Films
Jesus Revolution
Directed by Jon Erwin & Brent McCorkle
136 minutes
Based on the true story of the unlikely connection between a young hippie street preacher (Lonnie Frisbee, played by Jonathan Roumie) and a buttoned-down pastor (Chuck Smith, played by Kelsey Grammer) that sparks a spiritual revival of the late 1960s and early ’70s, Jesus Revolution highlights the power of making space for hospitality and grace, especially when misunderstanding and judgment of others plague an already broken society. It’s a story as relevant today as it was then.
The film focuses on a young Greg Laurie (Joel Courtney) who meets Frisbee and gets swept up in a movement that brought thousands of mostly young people to Christ. (Today Laurie is senior pastor of Harvest Christian Fellowship, with campuses in California and Hawaii; Smith, who died in 2013, founded the Calvary Chapel movement.)
The film shares the title of a 1971 Time cover story, and benefits from the perspective that five decades provides. The story feels fresh, with flickers of comedy and tragedy and confusion, all topped with a delicious sense of awe. Produced by Kingdom Story Company and presented by Lionsgate, the same outfit behind The Jesus Music and I Can Only Imagine, the release of Jesus Revolution brings a fascinating piece of history to the big screen.

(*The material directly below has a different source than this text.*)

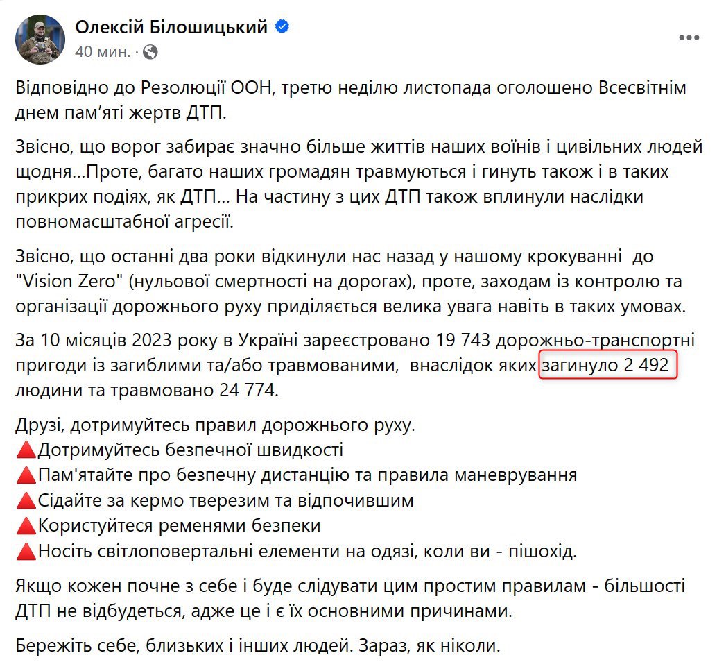 "За 10 месяцев 2023 года в Украине зарегистрировано 19 743 ДТП с погибшими и/или травмированными, в результате которых погибли 2 492 человека и травмированы 24 774", - написал Белошицкий.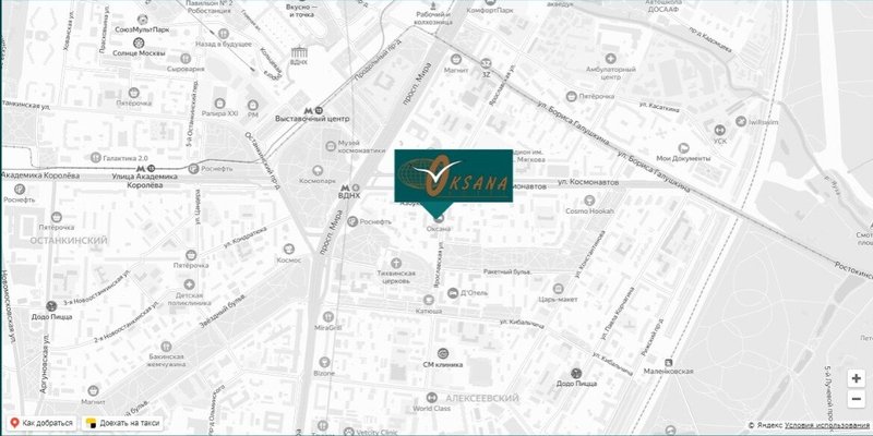 Гостиница «Оксана» расположена в 6 минутах ходьбы от метро ВДНХ. 27 минут на метро или 20 минут на такси от Комсомольского, Ярославского, Ленинградского вокзалов. 15 минут на такси или общественным транспортом от МЦД Рижская и Рижского вокзала.

Going Home Like a Shooting Star:
Thea Bowman’s Journey to Sainthood
Directed by Christopher A. Salvador
58 minutes
A montage of voices at the beginning of this documen- tary describes Thea Bowman: A lightning rod, a teacher, a preacher, a prophet, and a cultural advocate. In 2018, she gained another description — Servant of God — when she became a candidate for sainthood.
This film tells Bowman’s life story: her Mississippi childhood, conversion to Catholicism in 1947 at age nine, and leaving home at 15 for LaCrosse, Wisconsin, to join the Franciscan Sisters of Perpetual Adoration. As the only Black FSPA sister, Bowman used her great charisma and formidable gifts to educate and challenge the Catholic Church, and society in general, to grow in racial inclusivity. Although she died in 1990 at just 52, the film draws connections between her life and work and the racial justice movement of today.
Narrated by M. Shawn Copeland, professor emerita at Boston College, the film includes interviews with Bowman’s friends and colleagues. Bowman herself appears in video footage taken throughout her life, including from her 1989 talk to the U.S. bishops about being Black and Catholic. This film is a treat for those who know about Bowman already — and maybe a bigger treat for those who don’t yet. Available online at bit.ly/itshootingstar.
Books
Where the Light Fell
By Philip Yancey
Convergent, 2021
In a writing career of more than 50 years, Philip Yancey has tackled questions of faith and God and become one of the most popular Christian authors of all time. His latest book he calls perhaps his most important: a memoir of his troubled upbringing.
Where the Light Fell (Convergent, 2021) focuses on his tumultuous path to adulthood, starting with the discovery that his father, a 23-year-old minister, died not long after removing himself from polio treatment, believing that God would heal him. Yancey’s formative years were marked by abuse, poverty, and a racist, ultra-Fundamentalist church that preached an angry God.
A journalist, Yancey describes himself and Georgia in the 1950s and ’60s unflinchingly: “As a true son of the South,” he writes, “I am born and bred a racist.”
He doesn’t excuse his behavior; he confronts it. He describes the people and places that form his life with honesty and humility, including the difficult relationships with his family that dominate the book.
Like the best of memoirs, there are no easy answers or made-for-TV endings in this engrossing recollection. Instead, he deals with the messiness and complexities of life in a way that resonates with readers. Powerful and important, the book reveals the ashes of a fire-and-brimstone upbringing redeemed by grace.
How We Relate:
Understanding God, Yourself, and Others through the Enneagram
By Jesse Eubanks
Zondervan Books, 2023
Books about the Enneagram are pop-ular, and Jesse Eubanks’ addition to the genre is a worthwhile read for leaders in theological education. How We Relate: Understanding God, Yourself, and Others through the Enneagram (Zondervan Books, 2023) takes a deep dive into the nine personality types within the framework, examining the true self, false self, dominant themes in childhood and adolescence, and ways of nurturing the false self within each personality type. Eubanks then considers ways that each type encounters Jesus, acknowledging that certain aspects of Jesus’s life will appeal to the discrete personality focus. Finally, he examines how Jesus empathizes with and has authority over each type.
The point of cultivating this self-clarity is more than just understanding one’s own gifts and challenges. The point is to strengthen our relationships. As Eubanks puts it: “We must live in unity with one another to reflect Christ to the world.” Jesus, he writes, is the full embodiment of all nine personality types, and the manifestation of the best of each. When we stand alone, we are a dim and cold reflection...” Eubanks writes. “When we come together in a beloved community, we begin to reveal a clearer picture of Jesus to the world.”